They called on Moscow to unblock the Ukrainian Black Sea ports for food exports

BERLIN, June 24. /TASS/. The Ukraine crisis is exacerbating global food insecurity, the G7 Foreign Ministers said in a joint statement on Friday.

"In today’s meeting the G7 Foreign Ministers of Canada, France, Germany, Italy, Japan, the United Kingdom, and the United States of America, and the High Representative of the European Union, reaffirmed in the strongest terms their condemnation of Russia’s" special military operation in Ukraine, the statement says.

"G7 Foreign Ministers made clear that Russia’s war against Ukraine is exacerbating food insecurity, including by blocking the Black Sea, bombing grain silos and ports, and damaging Ukraine’s agricultural infrastructure," the statement reads.

Nevertheless, the G7 foreign ministers rejected Russia’s statements on sanctions. "All G7 sanctions include exemptions to allow Russian food and agricultural products to get to global markets," the foreign ministers stressed.

The G7 foreign ministers called on Moscow to unblock the Ukrainian Black Sea ports for food exports.

The G7 foreign ministers "expressed their support for the United Nations’ efforts to urgently reopen a Black Sea route for grain and the European Commission’s Action Plan for EU-Ukraine Solidarity Lanes for moving grain by road, rail and barge to world markets, to which G7 countries are actively contributing," the statement says.
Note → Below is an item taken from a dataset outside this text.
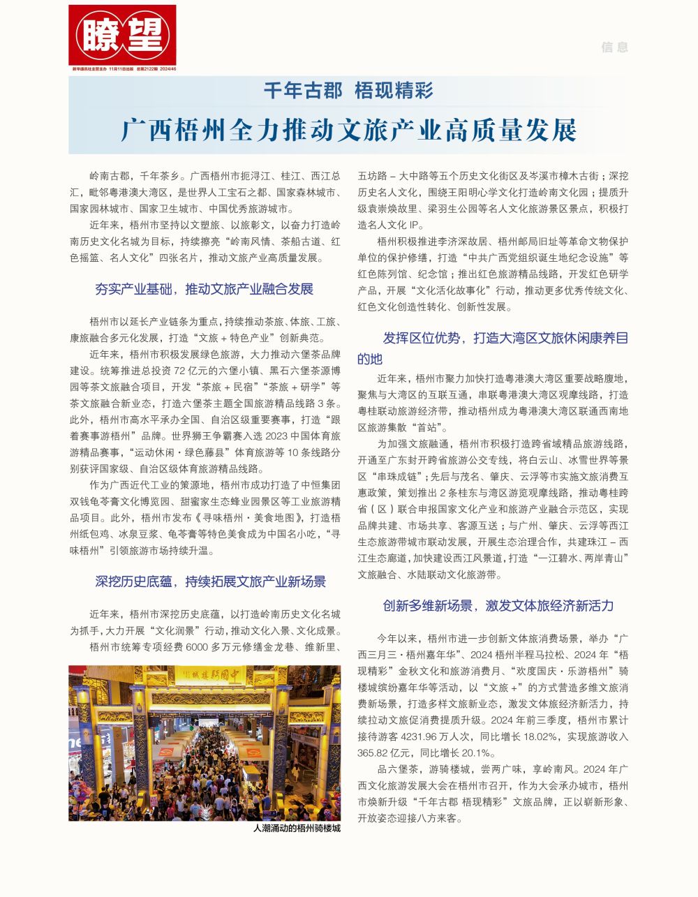 2024年第46期《瞭望》刊文《千年古郡 梧現精彩 廣西梧州全力推動文旅產業高質量發展》,全文如下:

Russian Foreign Minister Sergey Lavrov and his Turkish counterpart Mevlut Cavusoglu focused on the issue of setting up a "grain corridor" at their talks in Ankara on June 8. Russian President Vladimir Putin said earlier that Moscow would guarantee the unhampered exit of ships carrying Ukrainian grain, provided Kiev cleared its ports of floating mines, and could ensure the export of grain through Russian-controlled ports, such as Berdyansk and Mariupol. He recalled that problems on the global food market began back in February 2020. He dismissed as a falsehood the allegations Russia had blocked grain in Ukrainian ports.